Exact copies of the lines below, from the one with "your Christmas décor." up to and including the one with "北潮港从梅陇五村、六村、九村", are what this calls for; leave out pictures.

※

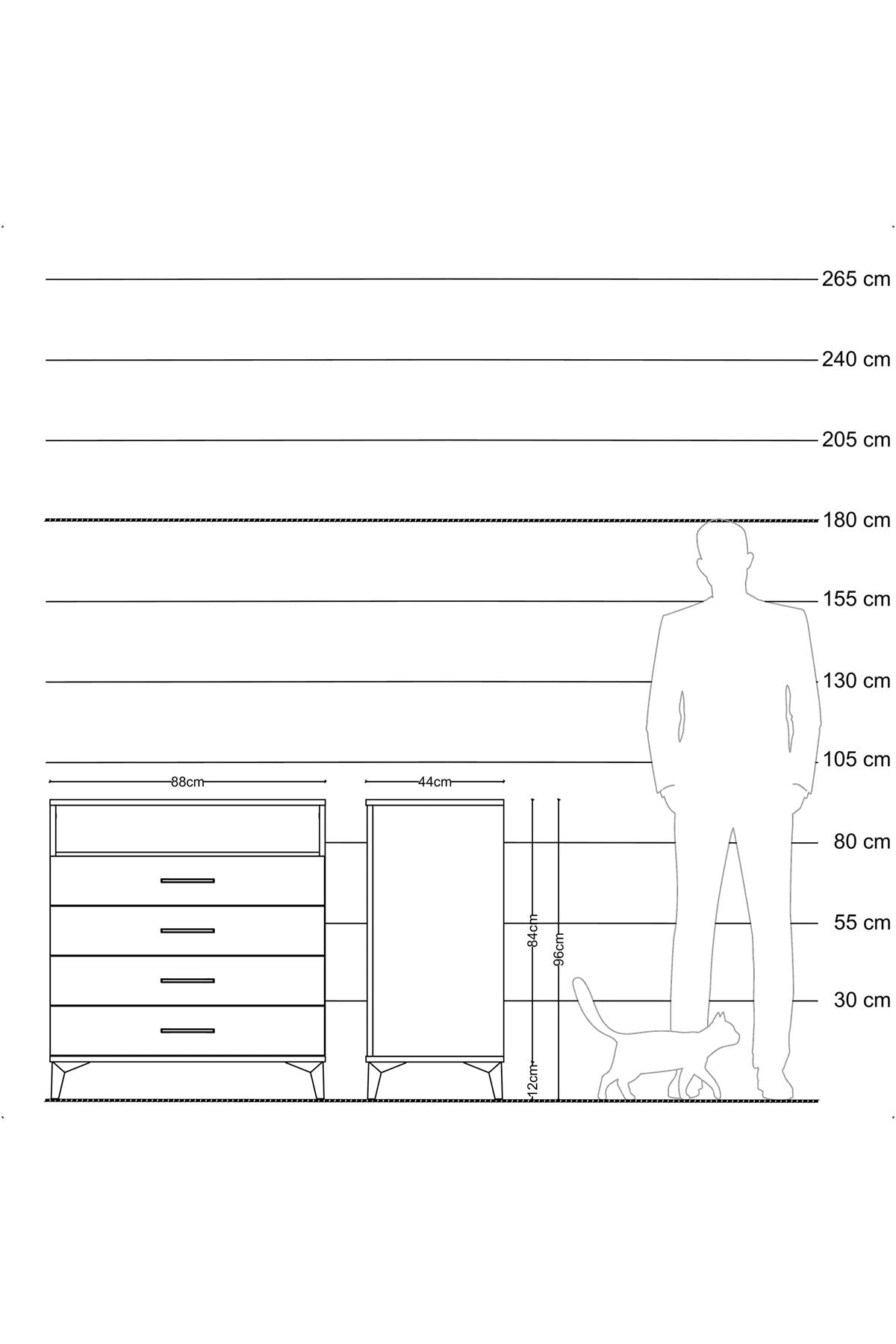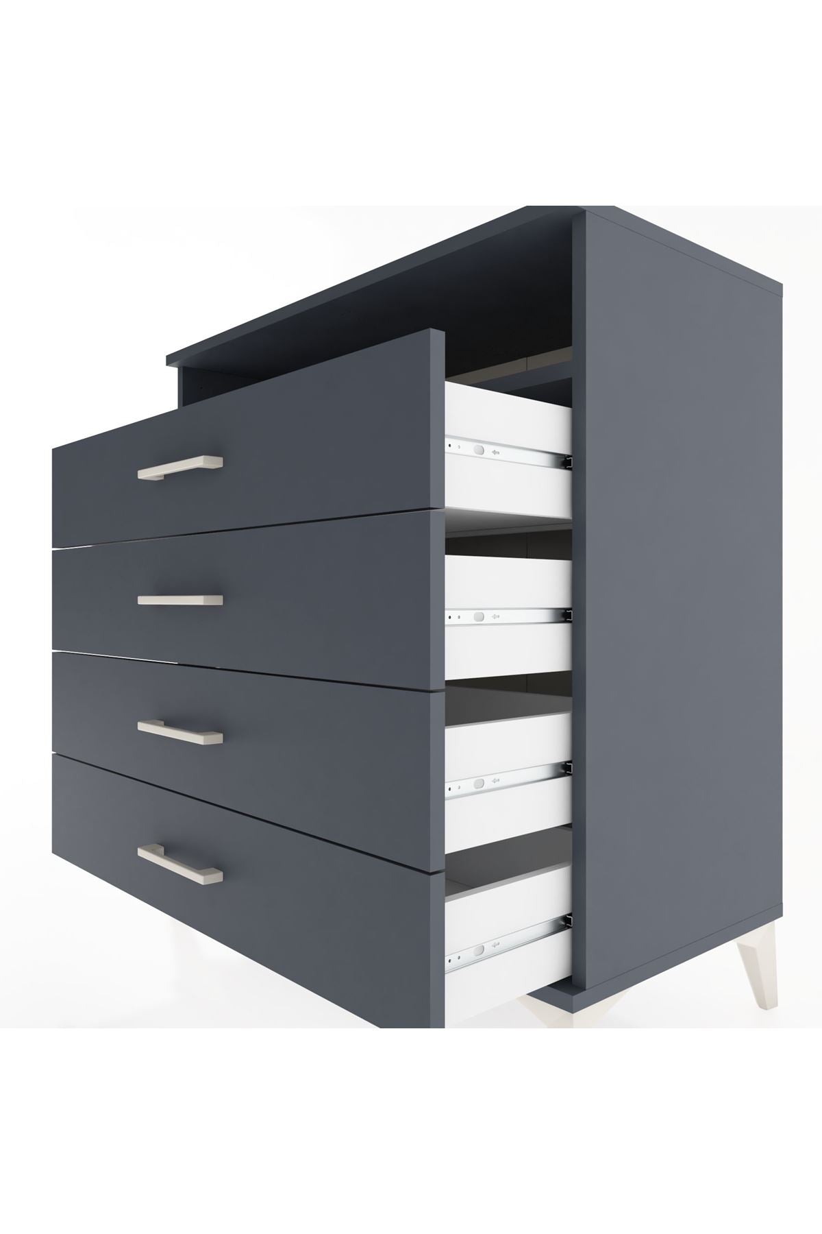 Hyperion Şifonyer Tek Raflı 4 Çekmeceli 88x44x96 Antrasit-Antrasit
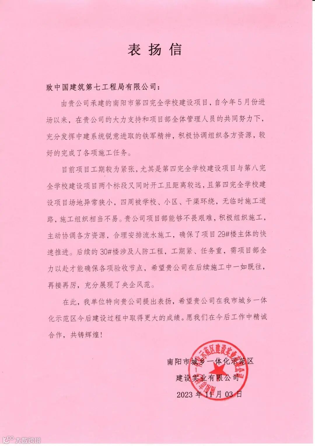 近日,分公司南阳市第四、第八完全学校保障性租赁住房建设项目获业主单位表扬信两封。
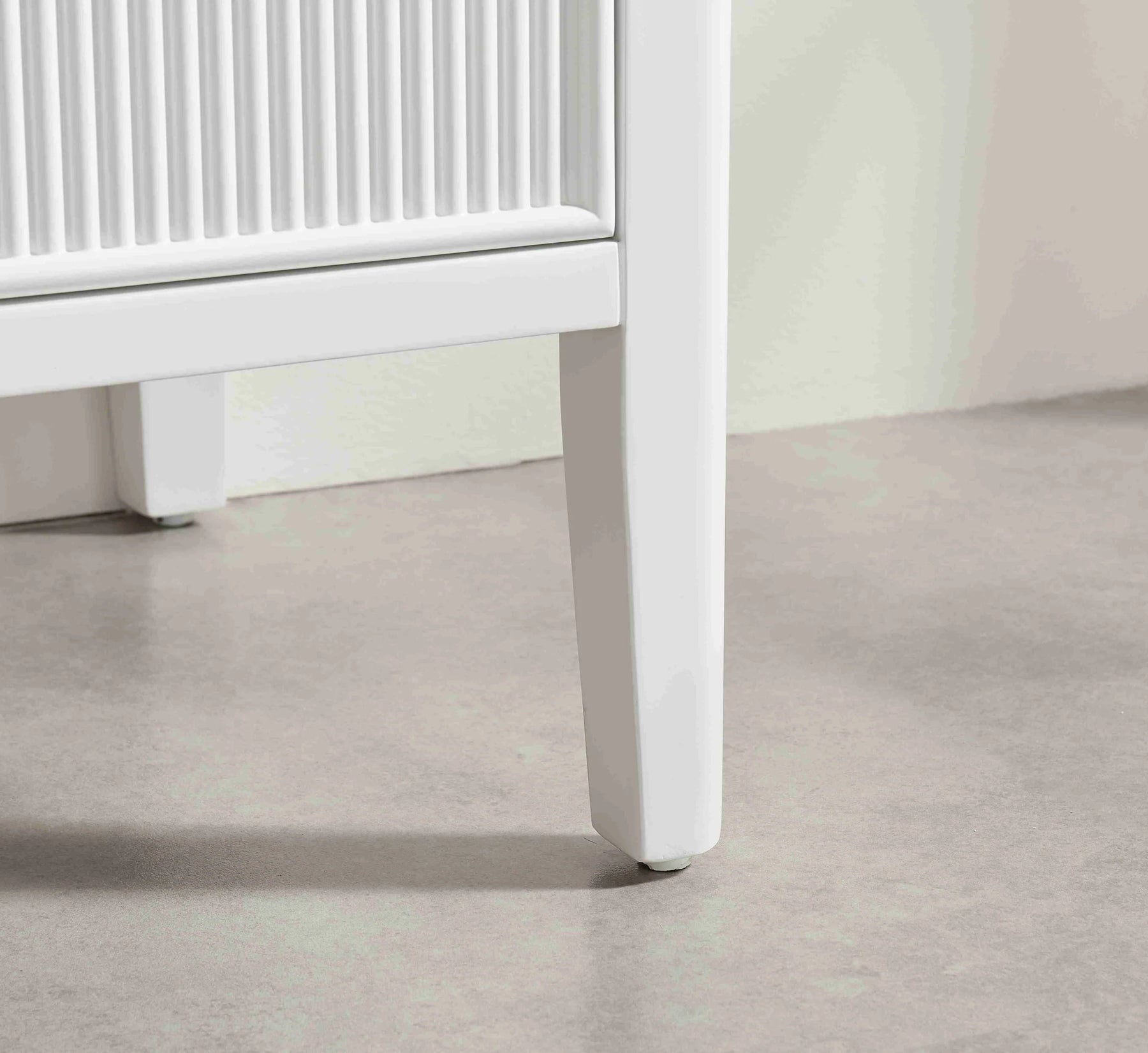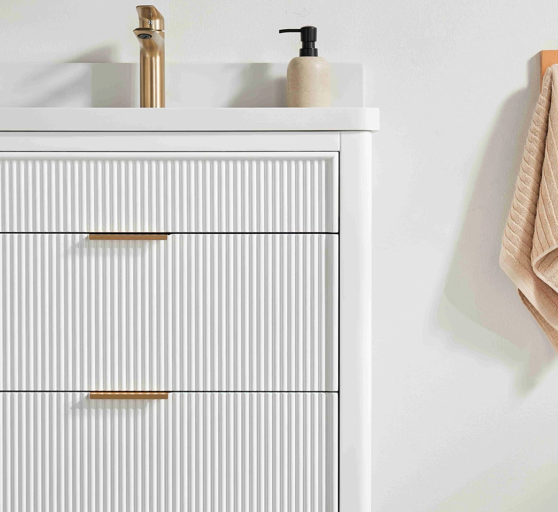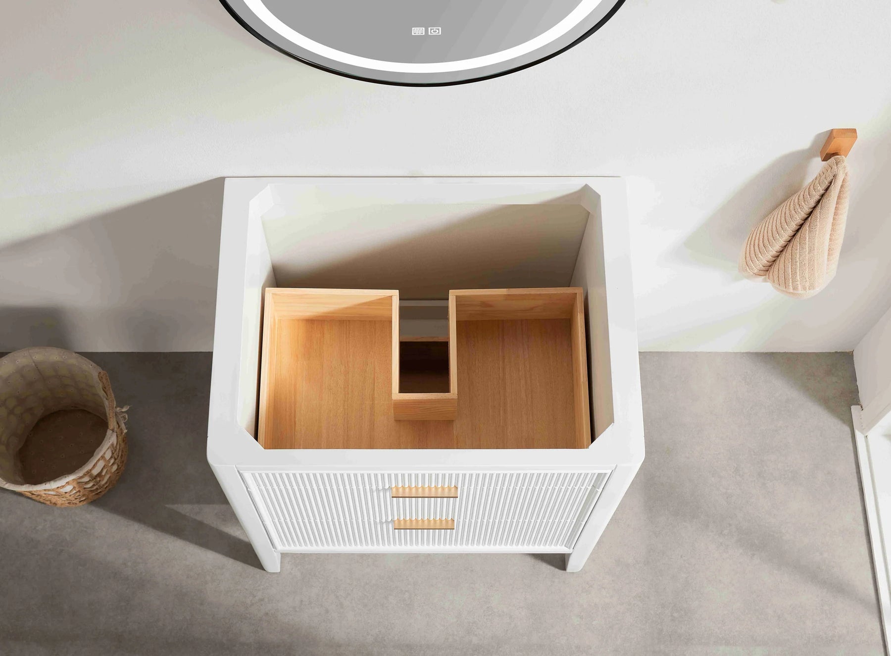 The Liora 36" bathroom vanity features a durable solid wood construction designed to resist moisture and water exposure, ensuring long-lasting performance. Its elegant white finish is complemented by gold hardware for a sophisticated look. Topped with a sleek quartz surface, this vanity combines style and durability, providing a high-quality centerpiece for your bathroom. Premium hardware guarantees reliable functionality, making it an expert choice for both design and practicality.
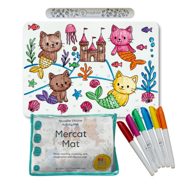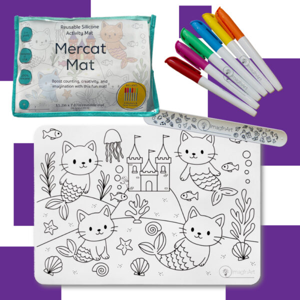 Our Mercat Mat Kit comes with a double-sided reusable silicone mat and everything your little one needs for imaginative, mess-free fun on the go.
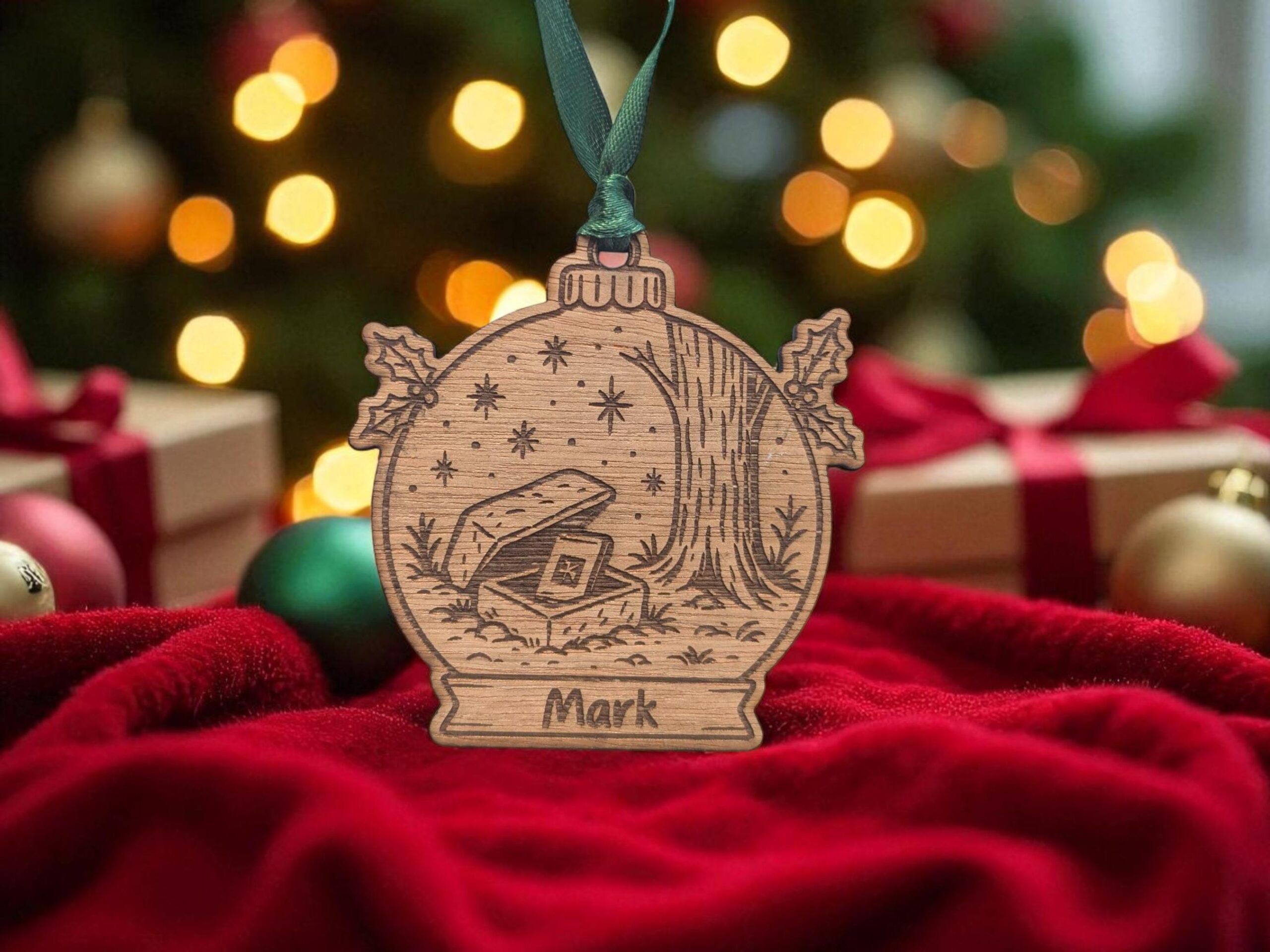 • Ready to hang – Choose from a vegan-leather strap or festive red or green ribbon to match your Christmas décor.
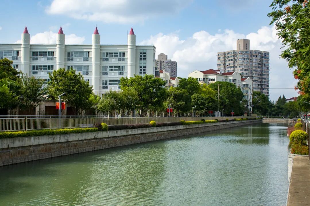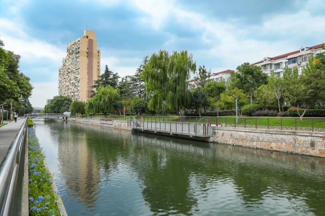 北潮港从梅陇五村、六村、九村小区中穿越而过,将河道与小区围墙有机结合,使居民可以不出小区就享受到水清岸绿的风光,获得独特的亲水感、幸福感。河道北岸则与嘉川路小游园联通,成为周边社区共享的幸福河。
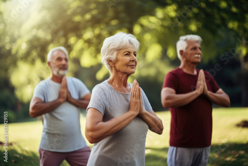 Seniors Embody Active Ageing and Wellness as They Practice Yoga in a Lush Green Park
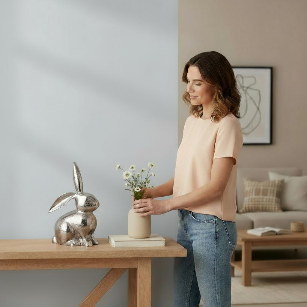 • Add a touch of nature and the outdoors to your space with this cute sitting bunny rabbit.
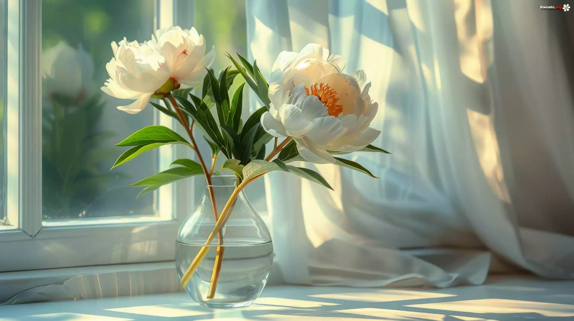 Kwiat Kwiaty, Białe, Piwonie, Wazon, Firanka, Okno
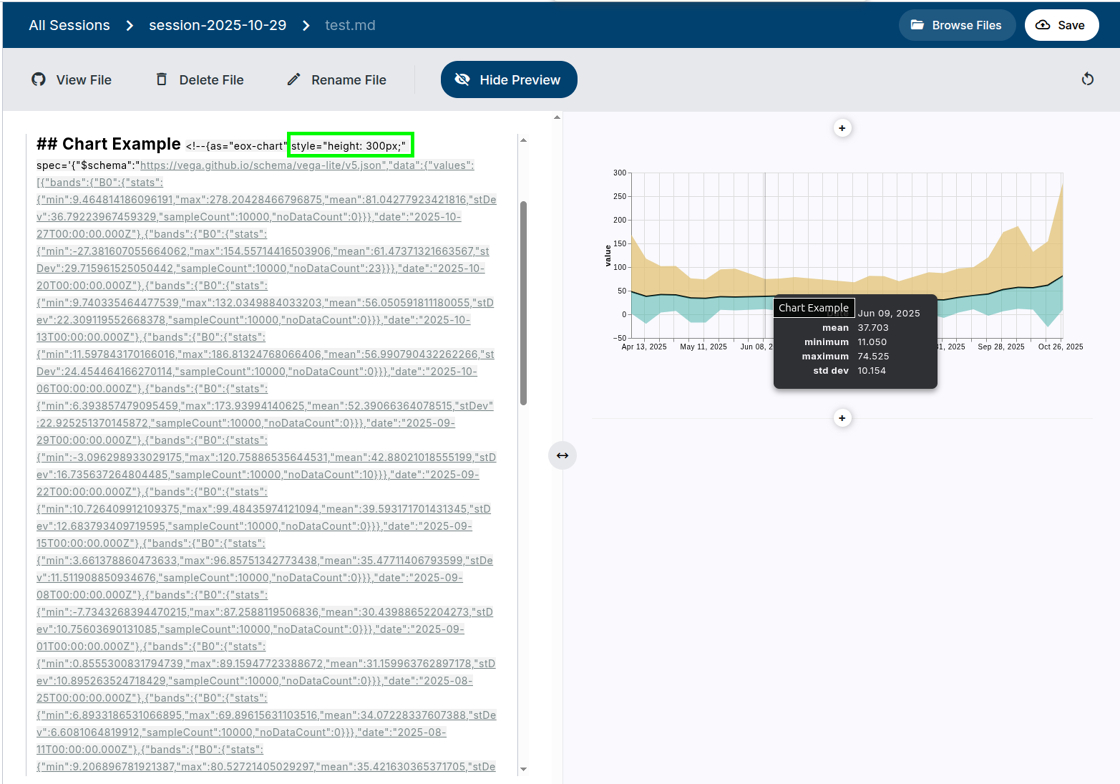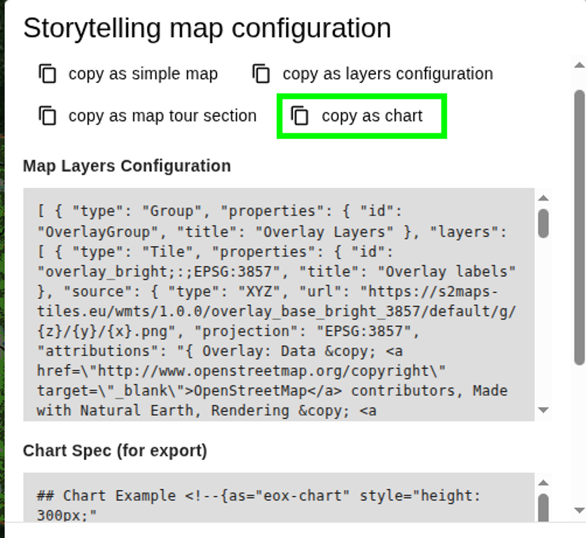 20. For datasets where processing results are visualized as a chart, you can export it as eox-chart block.
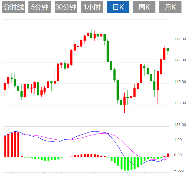 今日预期交易区间:在141.50支撑和145.00阻力之间。

※

> _Exercise response_:
 • Ready to hang – Choose from a vegan-leather strap or festive red or green ribbon to match your Christmas décor.
 北潮港从梅陇五村、六村、九村小区中穿越而过,将河道与小区围墙有机结合,使居民可以不出小区就享受到水清岸绿的风光,获得独特的亲水感、幸福感。河道北岸则与嘉川路小游园联通,成为周边社区共享的幸福河。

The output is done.